Este é o único retrato de uma figura masculina feito por Leonardo e veio emprestado para a exposição das coleções da Biblioteca Amrosiana de Milão, de propriedade do Estado do Vaticano. Como a figura segura uma partitura, acreditou-se por um longo tempo que se tratava de um músico. Mas Delieuvin disse que imagens científicas recentes mostraram que a mão segurando a partitura não estava incluída inicialmente, de modo que a referência musical pode ser uma indicação da passagem do tempo e a natureza fugaz da existência. A pintura é “totalmente meditativa. É uma imagem de introspecção. A figura está perdida em pensamentos”.

 

São Jerônimo no Deserto

Este quadro é um empréstimo do Museu do Vaticano e um retrato inacabado do santo católico no deserto, envolto num lençol e de joelhos enquanto um leão ruge a seus pés. Segundo os curadores, a obra, que foi de propriedade da artista Angelica Kauffmann, é a ilustração perfeita de um dos temas chave para eles: de que Leonardo se permitiu ter a liberdade de deixar obras inacabadas. “Muitas das pinturas estão incompletas. Ele não é um artista interessado em produzir afresco aos quilômetros, pintar madonas e retratos sem fim. Ele deseja seguir no seu ritmo e pintar obras perfeitas”, disse Delieuvin.

 

La Belle Ferronnière

Esta beleza da Renascença é a figura feminina mais conhecida de Leonardo depois da Mona Lisa. E ao contrário da Mona Lisa, ela viaja. O Louvre a emprestou para a National Gallery de Londres para sua exposição de obras de da Vinci em 2011 e, mais recentemente, ela estava à mostra na inauguração do museu do Louvre de Abu Dhabi. Com a pintura desta mulher, que era ou a esposa ou a amante de Ludovico il Moro, Duque de Milão, Leonardo “muda o gênero do retrato”, disse Delieuvin. “Em vez de retratar a figura de perfil, como era costume em Milão na época, ele fez com que ela se vire e olhe quase que diretamente para o espectador. “É a personalidade, o sentimento interior e a alma que são revelados por meio do movimento da figura e deste olhar extraordinário”, acrescentou.

 

Estrela de Belém e de outras plantas

Este desenho botânico, exposto na seção de ciências da mostra, deriva de conjunto de desenhos conhecidos como Codex Windsor, de propriedade da Royal Collection da Inglaterra.
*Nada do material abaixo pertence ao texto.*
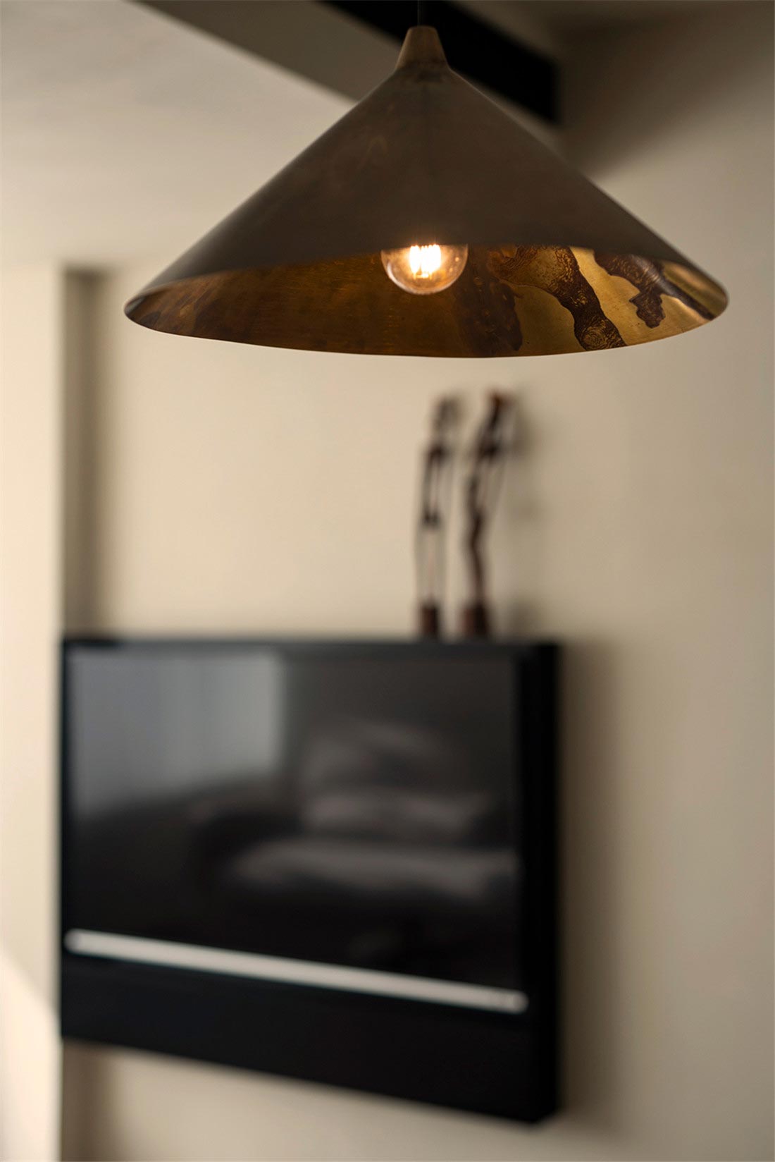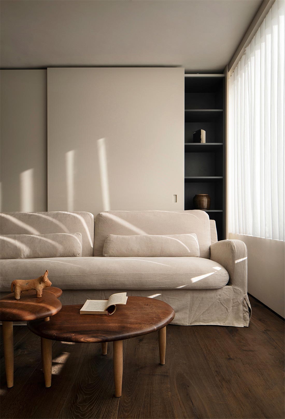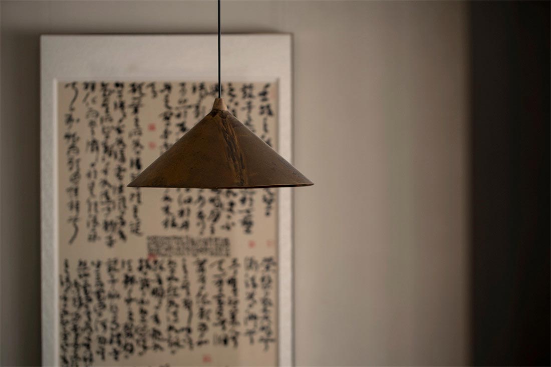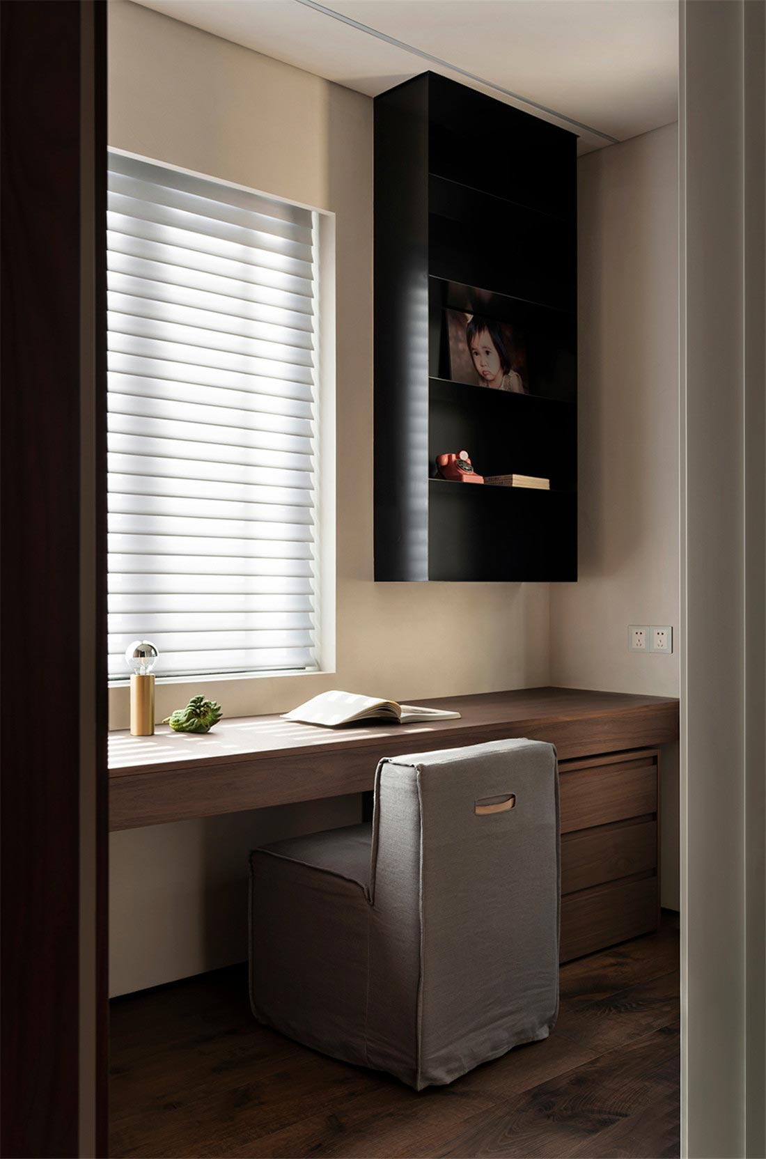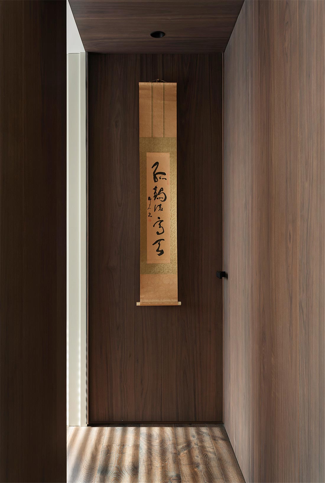 从客厅开始,我们就注意到屋主对家装和家具选择都有朴素的风格的偏好。被胡桃木包裹着的走廊,阳光透过百叶窗帘,光影摇曳,定格温暖。一幅日本回流草书茶挂,恒守对温、诗、意的向往,在日常感知自然、艺术、美学的浸润。

É uma das dezenas de desenhos de plantas que Leonardo produziu como uma maneira de imaginar como elas crescem e melhor representá-las na pintura. É também uma obra de arte autônoma, disse o curador. “Não é só uma descrição científica; Leonardo colocou toda a energia da vida nela. Você sente o vento soprando nas folhas”.

 

Homem Vitruviano

Se houver um concurso dos desenhos mais famosos do mundo, Leonardo venceria com seu Homem Vitruviano. O famoso quadro com a dupla imagem de uma figura masculina nua com os braços e pernas esticados dentro de um círculo e um quadrado veio da Gallerie dell’Accademia, de Veneza. É um desenho anatômico inspirado na obra do arquiteto romano Vitruvio, e produzida quando Leonardo realizava uma pesquisa em matemática e geometria aplicadas aos seres humanos. Uma representação do homem idealmente proporcionado, um desenho de tinta sobre papel tão frágil que não é sempre que está à mostra para o público.

 

A Virgem e o Menino com Santa Ana

Esta pintura é “o testamento de Leonardo”, segundo Delieuvin – a única na qual ele trabalhou mais tempo. O mestre renascentista passou 20 anos aperfeiçoando esta obra e produziu mais esboços preparatórios dela do que no caso de qualquer outra pintura. Se Mona Lisa representa uma única figura, aqui são três figuras magnificamente entrelaçadas com uma elaborada paisagem de montanhas no fundo. Na opinião dos curadores do Louvre, esta é uma realização maior do que a Mona Lisa e São João Batista, outra obra na coleção do Louvre que, para Delieuvin, “talvez seja a mais reveladora, a mais ambiciosa e a mais completa pintura em termos de técnica pictórica”.